Lynn Township is a civil township of St. Clair County in the U.S. state of Michigan. The population was 1,117 at the 2020 Census.

==Geography==
According to the United States Census Bureau, the township has a total area of 36.1 sqmi, all land.

==Demographics==
As of the census of 2000, there were 1,187 people, 386 households, and 323 families residing in the township. The population density was 32.9 PD/sqmi. There were 405 housing units at an average density of 11.2 /sqmi. The racial makeup of the township was 96.97% White, 1.60% African American, 0.42% Native American, 0.34% from other races, and 0.67% from two or more races. Hispanic or Latino of any race were 3.37% of the population.

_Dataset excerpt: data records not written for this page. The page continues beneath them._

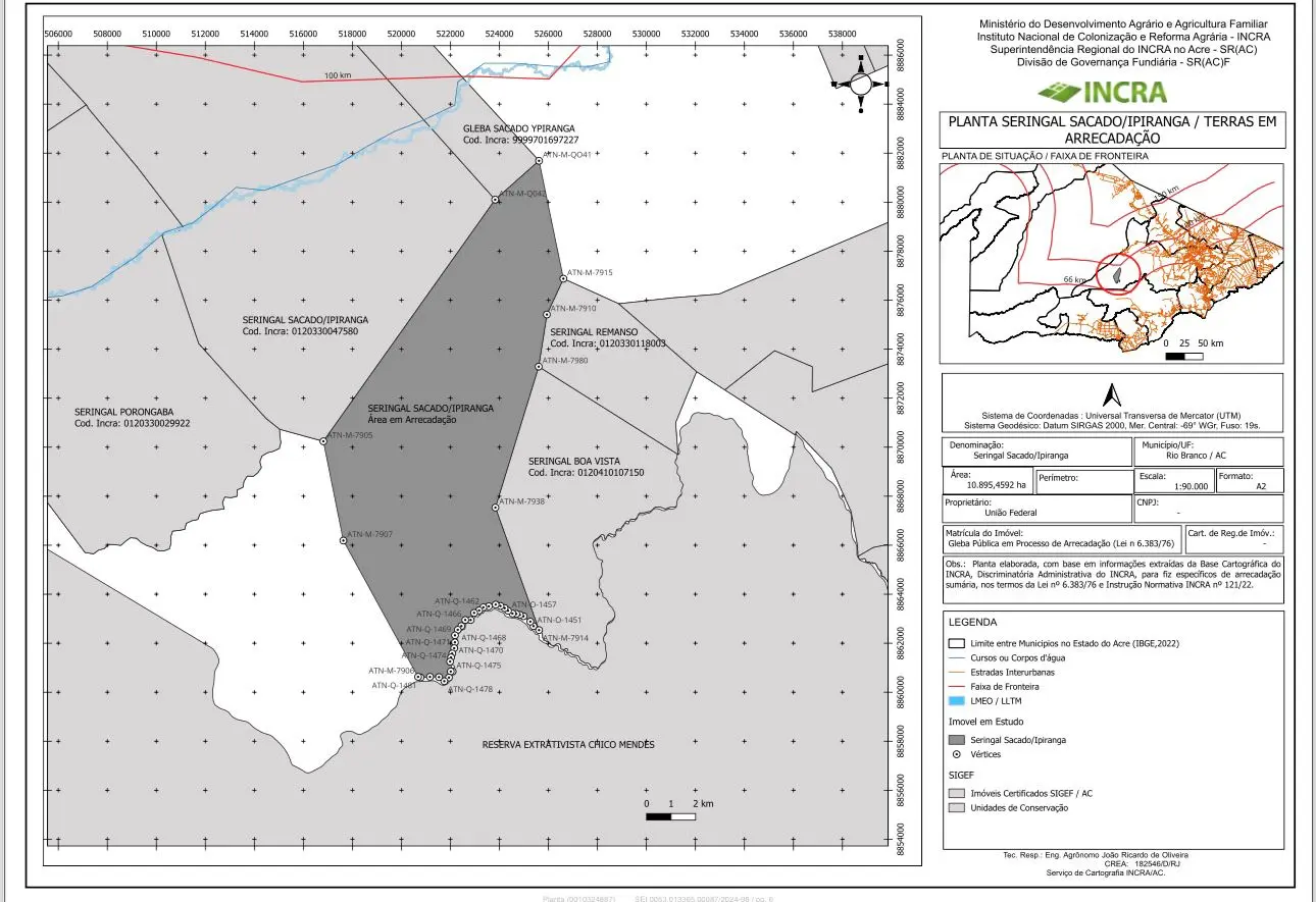 Mapa georreferenciado da propriedade detalha a área de 33.044 hectares legalmente registrada/Foto: Reprodução
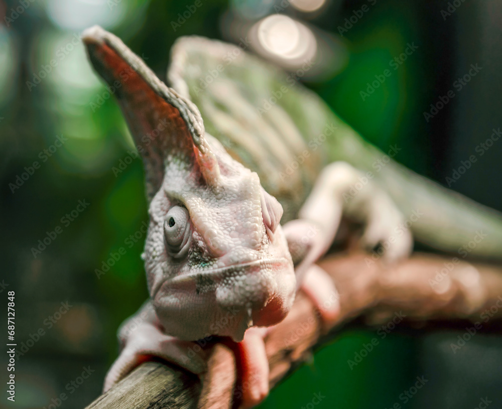 green chameleon on a branch
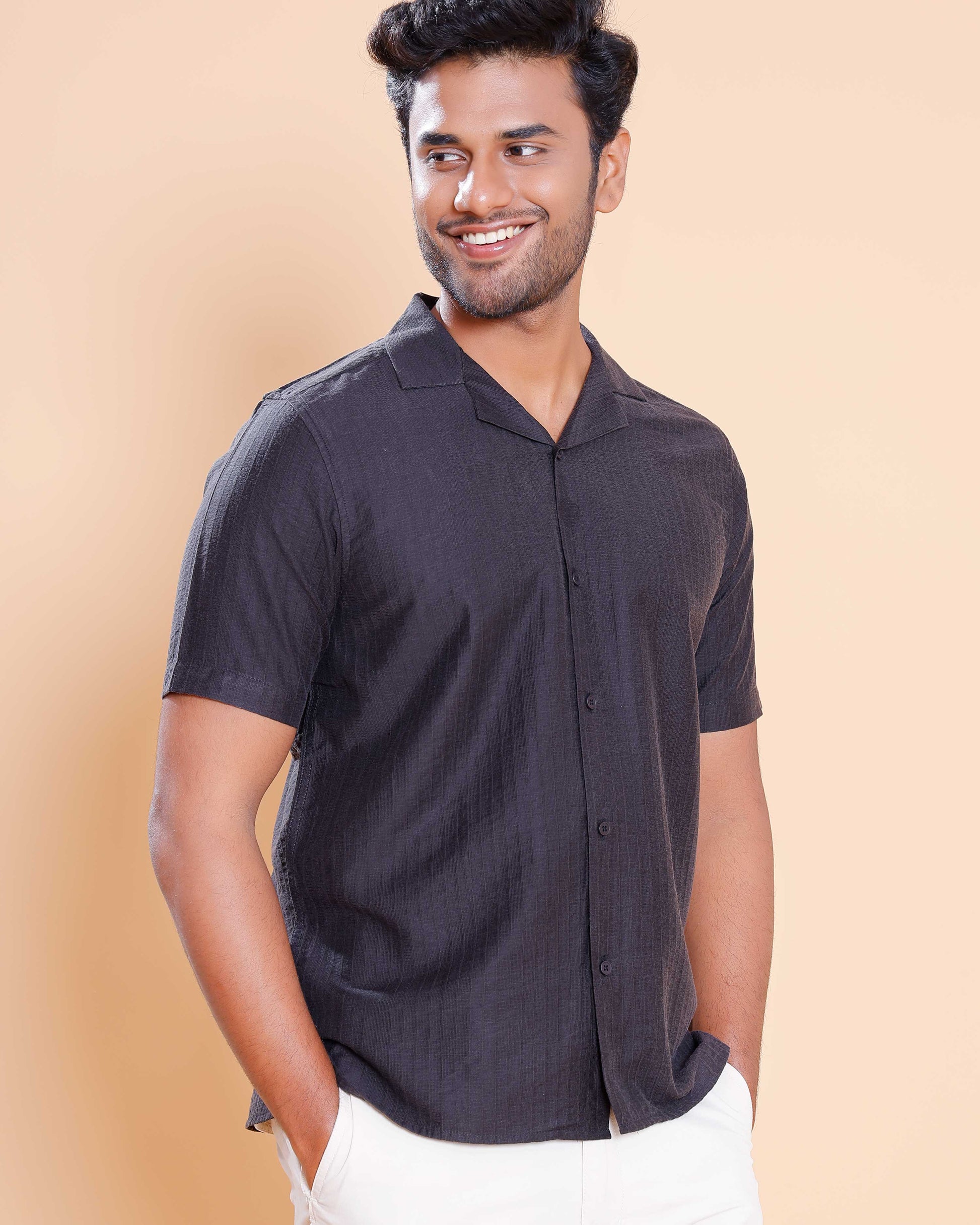 - Elevate a casual wardrobe with this men's black textured poly cotton shirt a stylish Cuban collar and short sleeves for a modern, relaxed fit

There were 386 households, out of which 41.7% had children under the age of 18 living with them, 75.1% were married couples living together, 5.2% had a female householder with no husband present, and 16.1% were non-families. 14.5% of all households were made up of individuals, and 5.4% had someone living alone who was 65 years of age or older. The average household size was 3.08 and the average family size was 3.39.

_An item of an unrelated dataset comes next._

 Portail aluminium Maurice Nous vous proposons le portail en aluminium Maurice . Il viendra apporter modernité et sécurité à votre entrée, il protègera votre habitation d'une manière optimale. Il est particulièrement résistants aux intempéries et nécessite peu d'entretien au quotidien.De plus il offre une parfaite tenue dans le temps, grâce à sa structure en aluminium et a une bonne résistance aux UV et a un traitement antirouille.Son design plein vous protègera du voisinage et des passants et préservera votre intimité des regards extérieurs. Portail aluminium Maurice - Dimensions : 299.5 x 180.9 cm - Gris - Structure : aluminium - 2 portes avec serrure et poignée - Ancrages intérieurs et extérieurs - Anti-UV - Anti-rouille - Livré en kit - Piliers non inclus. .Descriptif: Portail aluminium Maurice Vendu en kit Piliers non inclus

In the township the population was spread out, with 30.7% under the age of 18, 7.2% from 18 to 24, 28.1% from 25 to 44, 24.5% from 45 to 64, and 9.4% who were 65 years of age or older. The median age was 36 years. For every 100 females, there were 106.8 males. For every 100 females age 18 and over, there were 104.5 males.

The median income for a household in the township was $52,250, and the median income for a family was $58,281. Males had a median income of $50,789 versus $26,750 for females. The per capita income for the township was $20,250. About 4.9% of families and 5.8% of the population were below the poverty line, including 7.2% of those under age 18 and 1.8% of those age 65 or over.